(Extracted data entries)

·····

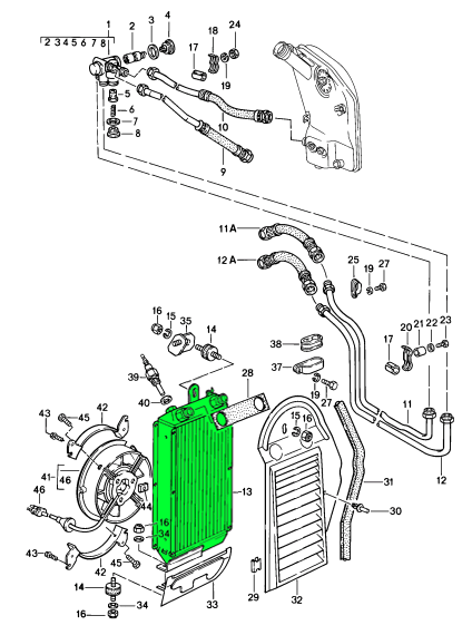 Radiatore olio radiatore, anteriore. Porsche 911 1980-89
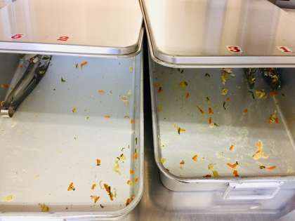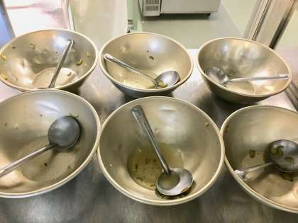 どのクラスの食缶も空っぽで、この暑さにも負けず、しっかりと食べてくれていました。
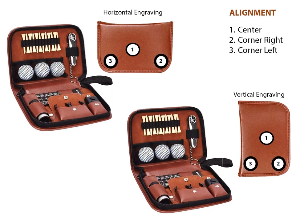 Elevate your golfing experience with this luxurious leather golf accessory set. Meticulously crafted, this comprehensive collection includes a divot tool, knife, wrench, ball marker, brush, keychain, score pen, golf balls, range finder, golf tees, and more. Laser engraved with precision, this set is the ultimate gift for golf enthusiasts, both men and women. Personalize it to make it a truly unique and thoughtful present. With its premium leather construction and attention to detail, this set will accompany you on the greens for years to come, ensuring you have all the essential tools at your fingertips. Elevate your game in style with this remarkable golf accessory set. Premium PU Leather Golf Accessory Set: Includes divot tool, knife, wrench, ball marker, brush, keychain, score pen, golf balls, range finder, golf tees, and more. Personalized Laser Engraving: Customize your set with a laser-engraved name or message for a unique and thoughtful gift. Versatile Design: Suitable for both men and women golfers, this set offers a stylish and practical accessory collection. Compact and Portable: Easily carry all your golf essentials in one convenient set for on-the-go convenience. Durable Construction: Crafted from high-quality leather materials, ensuring long-lasting use and reliable performance on the course.
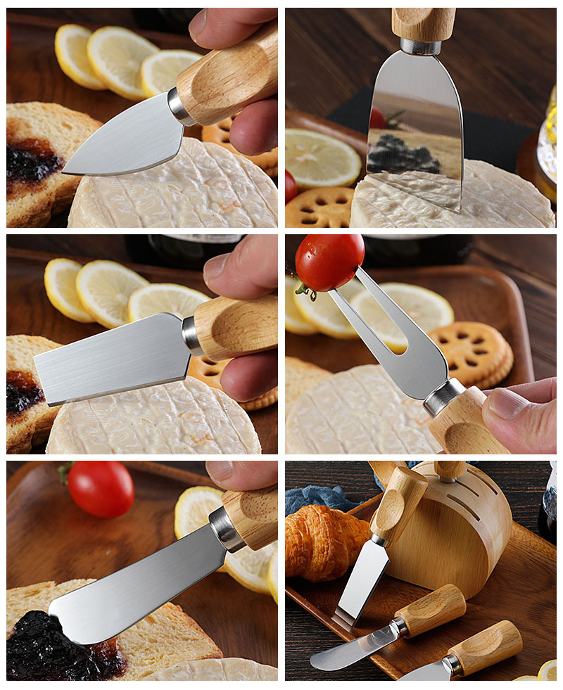Product Name | Wholesale Stainless Steel Cheese Tools Set Wooden Handle 6pcs/Sets Home Baking Tools Including Cheese Knife and Fork Home Use | |||||
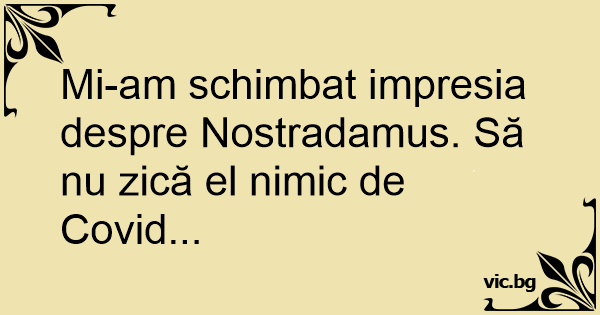 Mi-am schimbat impresia despre Nostradamus. Să nu zică el nimic de Covid...
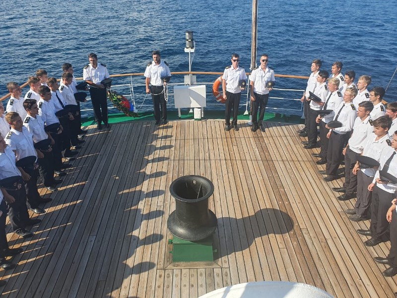 Cadets on the Khersones sailing ship of the FSUE “Rosmorport” laid wreaths at the place of the Armenia vessel wreck
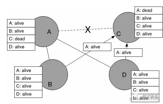 例如A和C的网络断开,但A和C本身都正常运行,此时A和C互相无法通信,C会将A标记为不可用状态。对于中心化思路的协议,如果C恰好是中心节点,那么A不可用的信息将会同步到集群的所有节点上,使得这些节点将其实可用的A也标记为宕机。而基于gossip这类去中心化的协议进行接收到消息后的实现逻辑扩展(例如只有当接收到大多数的节点关于A已经宕机的消息时,才更新A的状态),最终保证A不被误判为宕机。
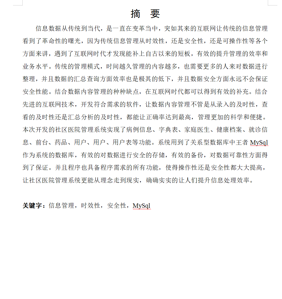 - 就诊信息管理:管理就诊信息和患者的病历等相关信息。
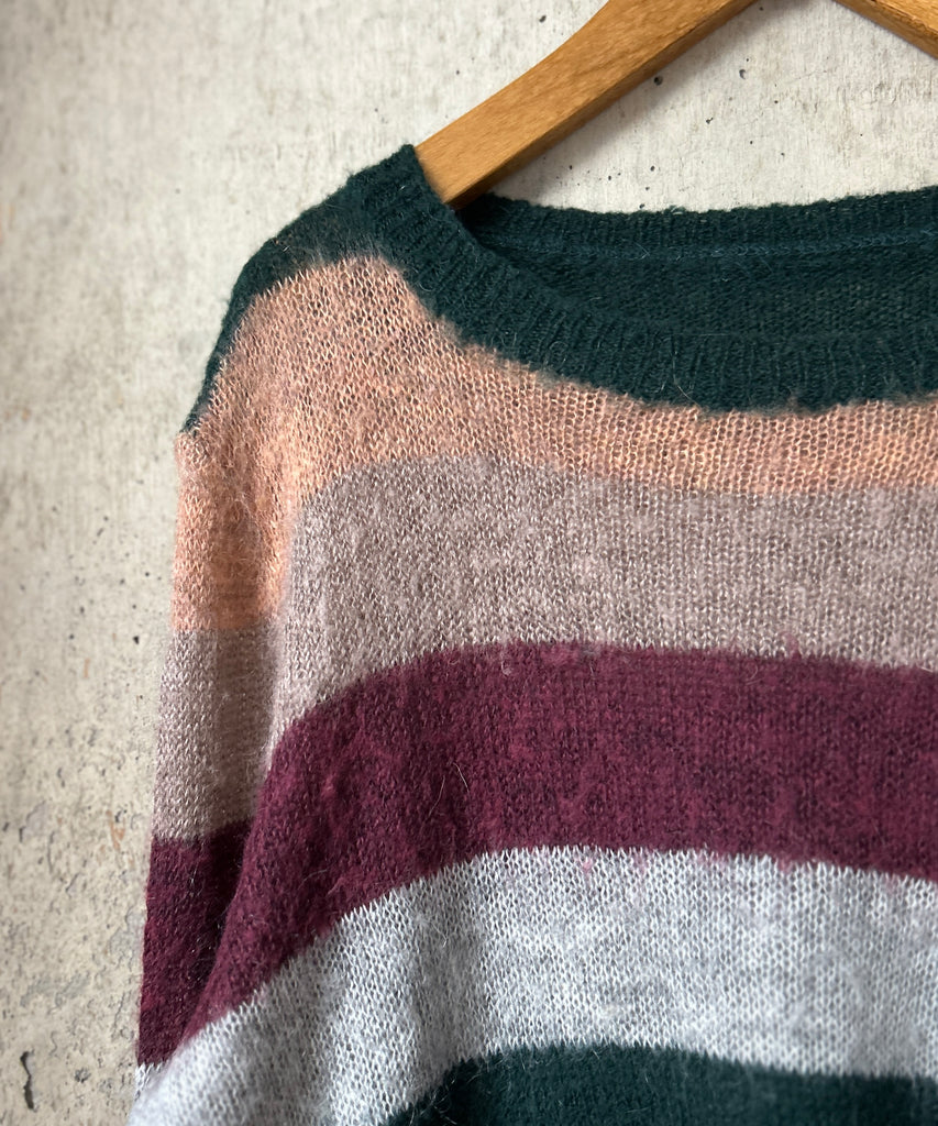 ボーダーですが女性らしさもありつつ着られる一着です。

·····

EXERCISE REQUIREMENTS =>
Beginning with the first line of the records, write out every line up to and including the one with "どのクラスの食缶も空っぽで、", exactly, and omit all pictures.

RESULT OF THE EXERCISE =>
 Radiatore olio radiatore, anteriore. Porsche 911 1980-89
 どのクラスの食缶も空っぽで、この暑さにも負けず、しっかりと食べてくれていました。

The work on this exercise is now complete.